Em que medida a gestão de dados de investigação contribui para a otimização do processo de investigação?

Os DMP bem estruturados ajudam a clarificar com que dados se está a trabalhar, onde estão armazenados e como podem ser acedidos. Esta organização interna facilita a comunicação entre parceiros de projeto, a reutilização de dados já existentes e a criação de comunidades de prática em torno dos dados.

A partilha de dados não se limita à disponibilização técnica, mas envolve também a partilha de contexto — apresentações, bibliografia, documentação — que enriquece a compreensão e o uso dos datasets. Quando bem comunicadas, estas práticas são valorizadas pelos investigadores e contribuem para a eficiência e qualidade da investigação.

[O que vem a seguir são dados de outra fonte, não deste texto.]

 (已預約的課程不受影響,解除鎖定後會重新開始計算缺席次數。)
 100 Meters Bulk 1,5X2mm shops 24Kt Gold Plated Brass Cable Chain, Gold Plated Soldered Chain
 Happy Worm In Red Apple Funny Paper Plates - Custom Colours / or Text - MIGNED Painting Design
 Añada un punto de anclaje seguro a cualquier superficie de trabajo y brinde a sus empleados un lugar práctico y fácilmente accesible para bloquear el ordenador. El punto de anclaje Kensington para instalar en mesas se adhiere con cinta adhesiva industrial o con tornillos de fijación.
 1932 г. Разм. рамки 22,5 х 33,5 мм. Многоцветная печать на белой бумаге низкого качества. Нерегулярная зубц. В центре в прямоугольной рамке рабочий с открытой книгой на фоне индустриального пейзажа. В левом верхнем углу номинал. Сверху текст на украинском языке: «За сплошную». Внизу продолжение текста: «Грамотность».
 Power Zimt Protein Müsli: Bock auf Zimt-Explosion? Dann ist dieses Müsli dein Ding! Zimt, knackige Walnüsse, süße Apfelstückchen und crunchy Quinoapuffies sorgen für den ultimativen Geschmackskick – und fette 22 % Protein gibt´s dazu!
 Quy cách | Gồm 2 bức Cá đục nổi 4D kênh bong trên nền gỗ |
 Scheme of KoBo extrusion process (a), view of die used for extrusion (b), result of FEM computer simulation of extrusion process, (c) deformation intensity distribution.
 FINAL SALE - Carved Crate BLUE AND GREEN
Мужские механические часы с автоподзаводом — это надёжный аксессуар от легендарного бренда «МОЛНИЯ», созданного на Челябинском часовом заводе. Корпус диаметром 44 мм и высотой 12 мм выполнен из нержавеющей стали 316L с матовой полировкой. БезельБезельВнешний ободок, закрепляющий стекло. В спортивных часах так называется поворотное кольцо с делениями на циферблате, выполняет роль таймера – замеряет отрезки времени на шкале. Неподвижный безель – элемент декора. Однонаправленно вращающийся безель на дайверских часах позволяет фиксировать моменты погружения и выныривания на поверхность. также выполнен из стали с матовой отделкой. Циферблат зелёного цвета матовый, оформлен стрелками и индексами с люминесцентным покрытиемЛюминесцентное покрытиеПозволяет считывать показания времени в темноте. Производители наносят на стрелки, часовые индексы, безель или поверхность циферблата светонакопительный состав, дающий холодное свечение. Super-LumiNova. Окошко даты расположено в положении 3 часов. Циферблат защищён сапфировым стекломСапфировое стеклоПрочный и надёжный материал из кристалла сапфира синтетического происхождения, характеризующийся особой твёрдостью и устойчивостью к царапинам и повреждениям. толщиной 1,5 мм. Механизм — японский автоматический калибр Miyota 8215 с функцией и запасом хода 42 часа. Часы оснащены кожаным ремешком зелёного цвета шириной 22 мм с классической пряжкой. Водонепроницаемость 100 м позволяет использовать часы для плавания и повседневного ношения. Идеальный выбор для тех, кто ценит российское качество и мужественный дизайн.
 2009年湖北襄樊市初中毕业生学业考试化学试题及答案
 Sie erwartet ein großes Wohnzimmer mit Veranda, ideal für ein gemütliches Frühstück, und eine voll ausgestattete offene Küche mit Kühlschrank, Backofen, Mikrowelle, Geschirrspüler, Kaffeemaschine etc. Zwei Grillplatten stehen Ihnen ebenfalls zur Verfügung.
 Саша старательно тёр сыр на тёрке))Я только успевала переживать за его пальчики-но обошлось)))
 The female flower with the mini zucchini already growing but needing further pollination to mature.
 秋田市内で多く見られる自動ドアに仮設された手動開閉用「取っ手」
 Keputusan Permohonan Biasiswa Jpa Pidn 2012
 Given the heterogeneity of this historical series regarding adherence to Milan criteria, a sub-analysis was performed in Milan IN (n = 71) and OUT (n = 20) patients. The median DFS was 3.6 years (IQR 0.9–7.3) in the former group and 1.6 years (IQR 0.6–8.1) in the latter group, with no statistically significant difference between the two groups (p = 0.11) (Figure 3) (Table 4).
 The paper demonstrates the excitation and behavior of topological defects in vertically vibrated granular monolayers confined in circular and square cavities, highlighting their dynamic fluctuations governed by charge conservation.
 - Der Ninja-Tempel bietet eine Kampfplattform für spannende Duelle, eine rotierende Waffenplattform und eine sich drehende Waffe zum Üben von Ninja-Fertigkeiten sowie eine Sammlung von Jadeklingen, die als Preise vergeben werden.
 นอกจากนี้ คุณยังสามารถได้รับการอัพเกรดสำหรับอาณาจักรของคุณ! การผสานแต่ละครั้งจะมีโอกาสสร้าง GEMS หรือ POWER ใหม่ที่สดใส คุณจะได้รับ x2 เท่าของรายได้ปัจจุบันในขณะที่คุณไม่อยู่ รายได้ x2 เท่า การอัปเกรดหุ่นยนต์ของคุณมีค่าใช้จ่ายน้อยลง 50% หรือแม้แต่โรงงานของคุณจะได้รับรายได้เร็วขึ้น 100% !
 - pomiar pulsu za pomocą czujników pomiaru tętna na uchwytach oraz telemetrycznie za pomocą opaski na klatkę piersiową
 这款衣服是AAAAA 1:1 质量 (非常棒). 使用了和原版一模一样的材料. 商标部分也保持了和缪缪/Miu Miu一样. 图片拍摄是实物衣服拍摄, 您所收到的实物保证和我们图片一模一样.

Que vantagens e condicionantes aponta na partilha de dados de investigação?

Apesar das vantagens evidentes da partilha de dados — como a transparência, reutilização e colaboração — existem condicionantes significativas, sobretudo em áreas como a bioengenharia e em projetos com empresas, onde há acordos de confidencialidade e dados sensíveis. Para mitigar essas limitações, podem ser adotadas estratégias como a disponibilização de metadados detalhados, a partilha de amostras representativas dos dados ou a criação de guias para pedidos de acesso, permitindo uma avaliação caso a caso.

Estas práticas procuram equilibrar a proteção da informação com a abertura científica, promovendo uma cultura de partilha responsável.

De que forma os diferentes atores envolvidos no processo de investigação estão comprometidos com a gestão de dados de investigação?

O envolvimento dos diversos atores — investigadores, responsáveis de projeto, serviços de apoio — está cada vez mais consolidado. Embora o desafio da escalabilidade persista, há uma maturidade crescente na forma como a gestão de dados é integrada nos projetos.

A mediação eficaz, a formação contínua e o reconhecimento dos contributos individuais são fatores que reforçam esse compromisso. O serviço atua como facilitador, promovendo práticas que são valorizadas tanto internamente como por parceiros e avaliadores externos.